(ASSIGNED TASK): Using the entries below, copy exactly each line from the line with "Termální hrnek (450" up to and including the line with "One metaphor Covey", with every picture left out.

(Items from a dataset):
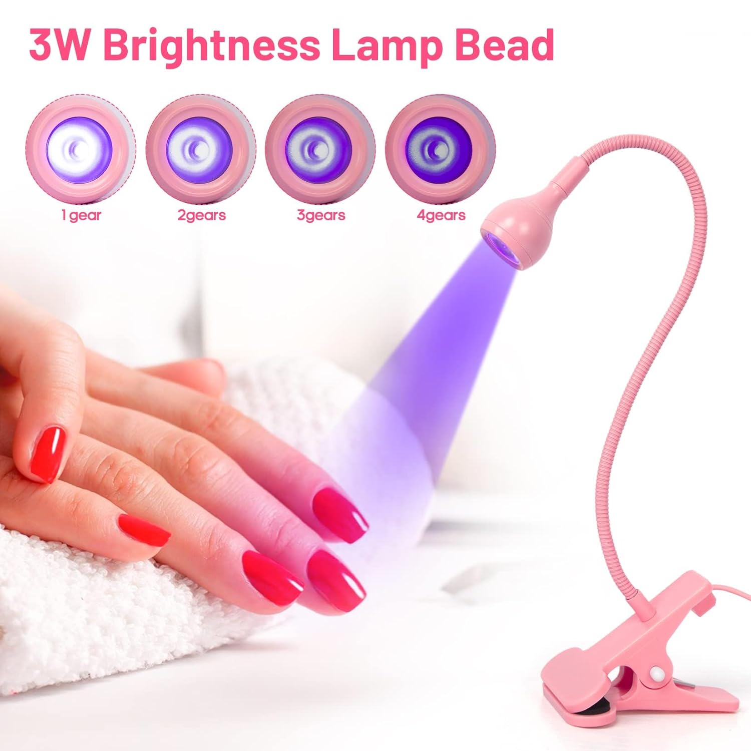 AORAEM LED Nail Lamps 3W Flexible Gooseneck Lamp Quicky Dry Nail Manicure Dryer Gel Polish Curing Light Plug Play Portable Flash Cure Light for Gel Nails Home DIY Professional Nail Tools Pink
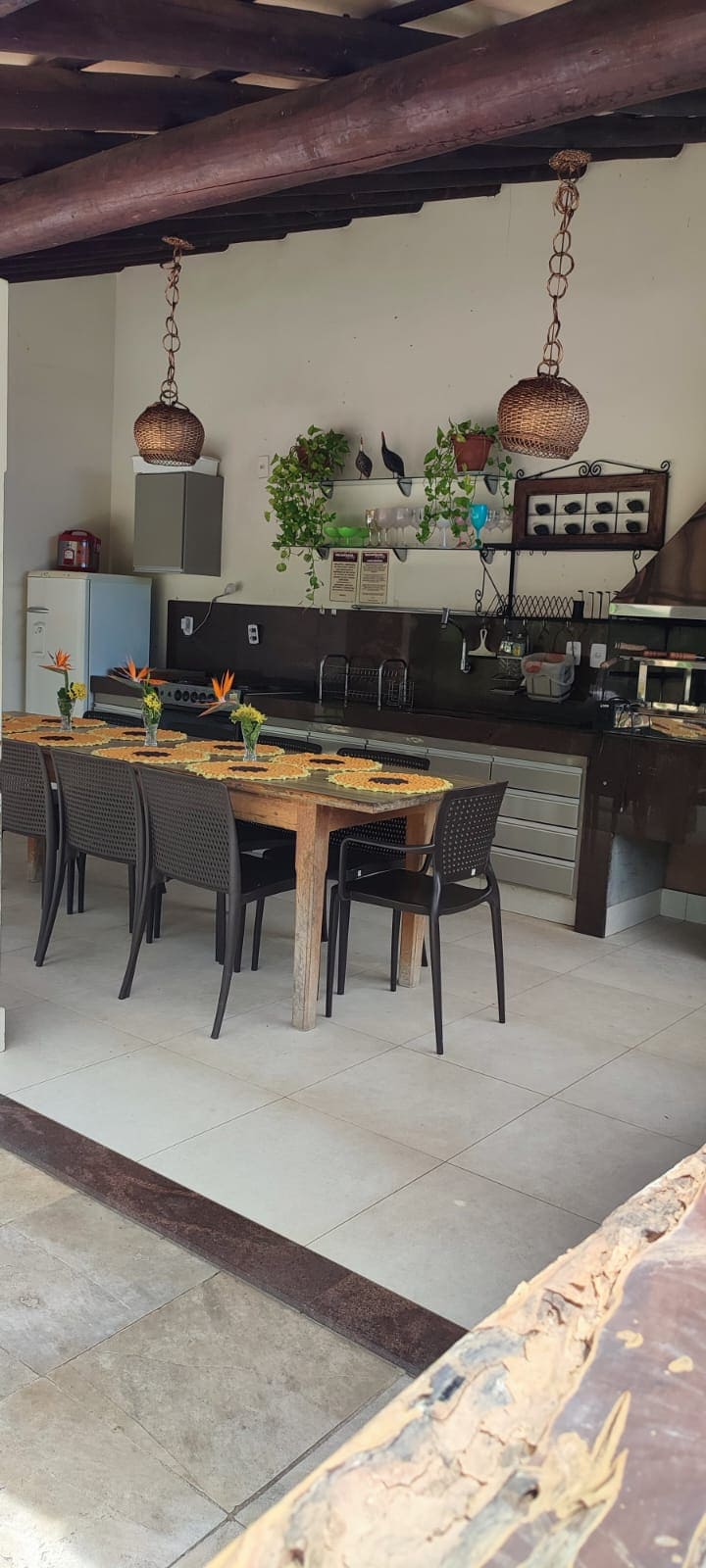 Sítio completo com piscina, churrasqueira e sinuca a 2km do centro de Porteirinha. Casa com 2 pavimentos, 3 quartos, sala e cozinha equipada (cooktop, fogão industrial, geladeira e freezer). São 3 quartos com 5 camas de casal, 1 de solteiro e colchões extras. Ventiladores de parede. Acomoda tranquilamente até 13 pessoas. Possui 2 banheiros internos e 1 externo. Área externa com churrasqueira, fogão a lenha com forno, sinuca, muito verde e 10 jogos de mesas com cadeiras.
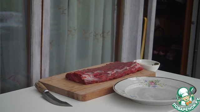 - Говядина (Для этого блюда берется отруб, который у нас известен под названием: тонкий край. В классической школе называется стриплойн.) — 2 кг
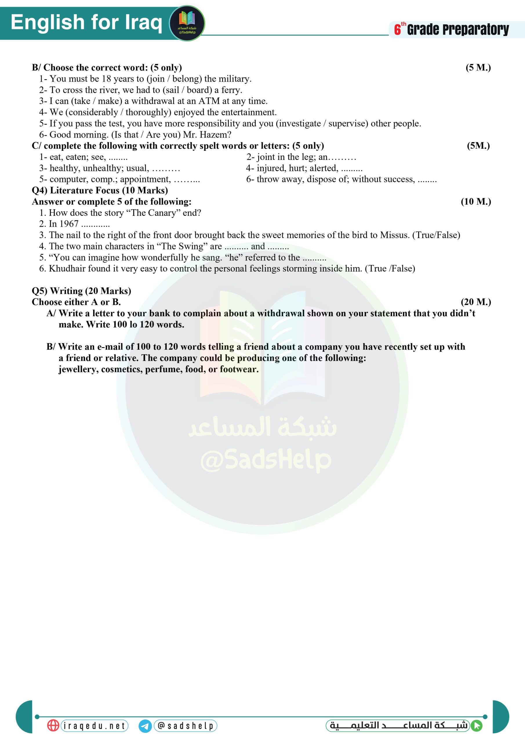 • اسئلة الانكليزي الدور الثالث السادس الاعدادي 2023 العلمي و الادبي التكميلي
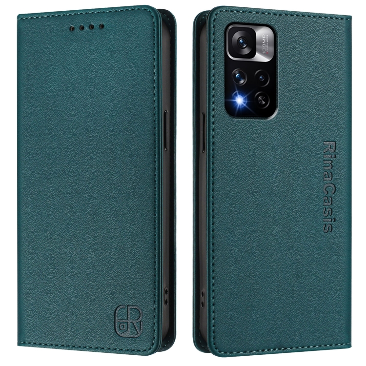 Funda de Cuero con Doble Pliegue y Succión Magnética para Redmi Note 11 Pro+ 5G, Modelo Europeo Rc01 (Verde Oscuro)
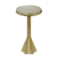 Elevate Your Living Space With The Gabrielle Round Side Table, Where Elegance Meets Artistry! The Brass-Colored Aluminum Base Adds A Touch Of Timeless Sophistication And The Swelled Base Adds A Touch Of Whimsey And Visual Interest. The Glass Table Top Is Sturdy And Durable, Made To Support Your Snacks, Beverage, Or Decor Piece And Last A Lifetime.
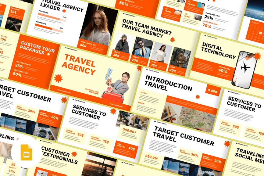 使用这款旅行社谷歌幻灯片演示模板,给投资者留下深刻印象,并清晰传达您的愿景。此演示模板专为旅行社、旅游运营商和酒店业专业人士设计。它能帮助您以完美的视觉效果和信息平衡,展示目的地亮点、旅游套餐、行程安排和客户体验。模板包含多种幻灯片布局,涵盖公司简介、服务项目、定价方案、季节性促销活动和客户评价——所有内容都旨在吸引并留住您的观众。
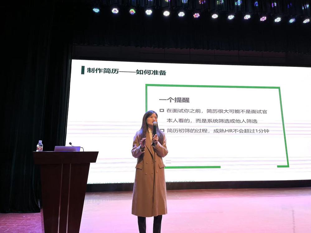 会上,任老师从简历撰写、就业信息获取、面试等相关内容进行培训,并围绕同学们普遍关心的一些就业问题进行了详细解答。并对毕业生提出了五点希望:一是认清形势、主动就业,树立“先就业后择业”的就业观;二是找准定位、量力而行,规划个人未来职业发展;三是付诸行动、积极备战,有目的、有针对的做好求职技能储备或各类考试的复习备考工作;四是坚定信念、挑战自我,正确面对求职过程中所面临的挫折与失败,不断总结提升个人技能;五是加强与家人的沟通交流,同时也应培养个人独立思考能力。
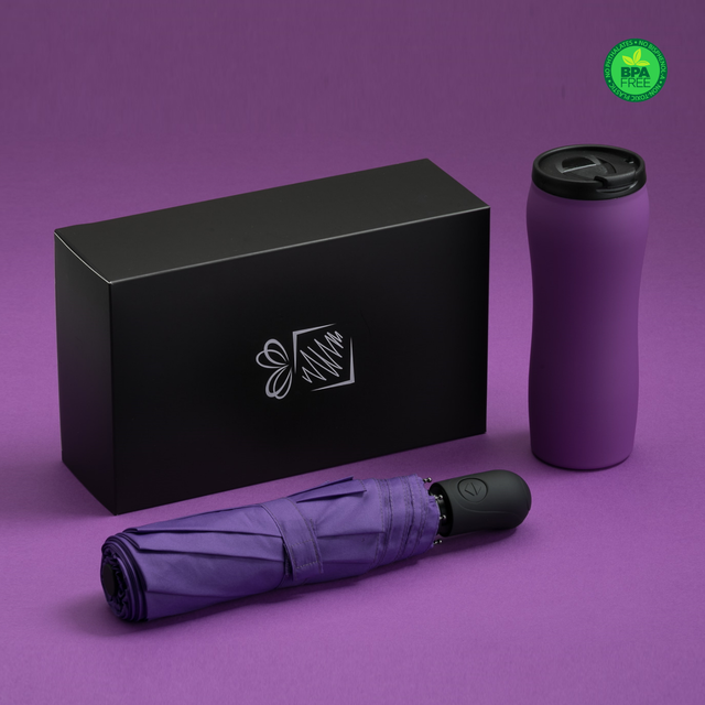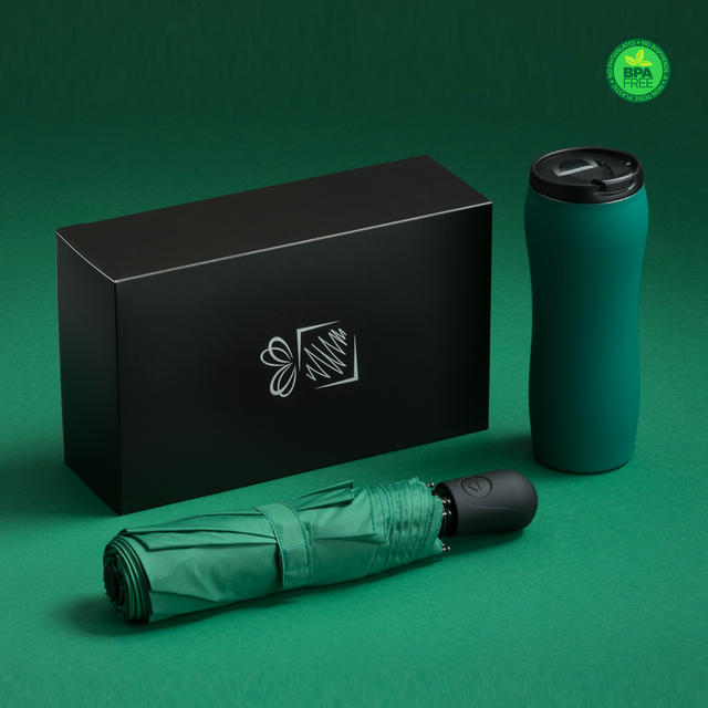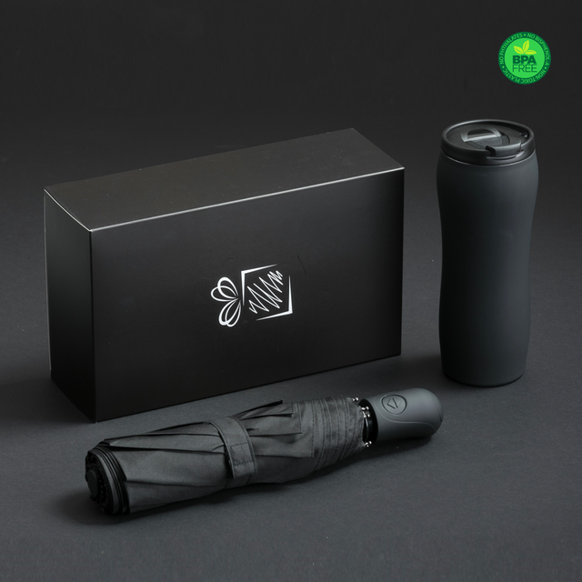 Termální hrnek (450 ml.) s dvojitými stěnami dokonale udržuje požadovanou teplotu - až 2 hodiny. Skládací deštník Cambridge nabízí dva odolné mechanismy: protivětrový systém (poskytuje dodatečnou flexibilitu, díky čemuž se deštník nezlomí ani při silném nárazu větru) a mechanismus DAS (systém automatického otevírání a zavírání).
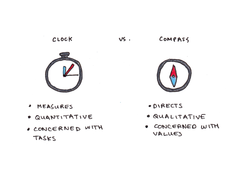 One metaphor Covey relies on is contrasting a clock with a compass. A clock turns time into a measurable quantity that you can slice up, allocate and plan with—something you can manage. In contrast, a compass doesn’t give you a plan; all it can do is show you whether or not you’re headed in the right direction.
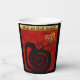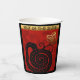 En un cuadrado hay un papel de serpiente negro cortado, colocado en el centro mirando un adorno dorado dentro del cual está la segunda serpiente con ideograma. Detrás de la escena hay un fondo rojo en el que las letras decorativas y ornamentadas forman las palabras: AÑO DE LOS APERITIVOS. Diseño en una taza cuadrada de papel. Coincidiendo con la postal de vacaciones y más... Perfecto para el Año Nuevo Chino de la Serpiente 2025 o cumpleaños (personas nacidas en Año Serpiente). — "La serpiente (蛇) es la sexta del ciclo de doce años de animales que aparecen en el zodiaco chino relacionado con el calendario chino. Según una leyenda, hay una razón para el orden de los animales en el ciclo. Se realizó una carrera para cruzar un gran río, y el orden de los animales en el ciclo se basó en su orden para terminar la carrera. En esta historia, la serpiente compensó por no ser la mejor nadadora al dar un paseo oculto en la pezuña del caballo. Cuando el caballo estaba a punto de cruzar la línea de meta, la serpiente saltó, asustando al caballo y, por lo tanto, posando para el sexto lugar. Se puede decir que las personas nacidas en esas fechas han nacido en el "Año de la Serpiente", aunque también llevan la siguiente señal elemental: 10 de febrero de 1929 - 29 de enero de 1930 = Serpiente de la Tierra 27 de enero de 1941 - 14 de febrero de 1942 = Serpiente Metalizado 14 - 2 1954 = Serpiente de agua 2 de febrero de 1965 - 20 de enero de 1966 = Serpiente de madera 18 de febrero de 1977 - 6 de febrero de 1978 = Serpiente de fuego 6 de febrero de 1989 - 26 de enero de 199900 = Serpiente de la Tierra 1 febrero 2002 = Serpiente Metalizado 10 febrero 2013 - 30 enero 2014 = Serpiente de agua 29 enero 2025 - 16 febrero 2026 = Serpiente de madera 15 febrero 2037 - 3 febrero 2038 = Serpiente de fuego.... (Wikipedia)

(WRITTEN ANSWER):
 Termální hrnek (450 ml.) s dvojitými stěnami dokonale udržuje požadovanou teplotu - až 2 hodiny. Skládací deštník Cambridge nabízí dva odolné mechanismy: protivětrový systém (poskytuje dodatečnou flexibilitu, díky čemuž se deštník nezlomí ani při silném nárazu větru) a mechanismus DAS (systém automatického otevírání a zavírání).
 One metaphor Covey relies on is contrasting a clock with a compass. A clock turns time into a measurable quantity that you can slice up, allocate and plan with—something you can manage. In contrast, a compass doesn’t give you a plan; all it can do is show you whether or not you’re headed in the right direction.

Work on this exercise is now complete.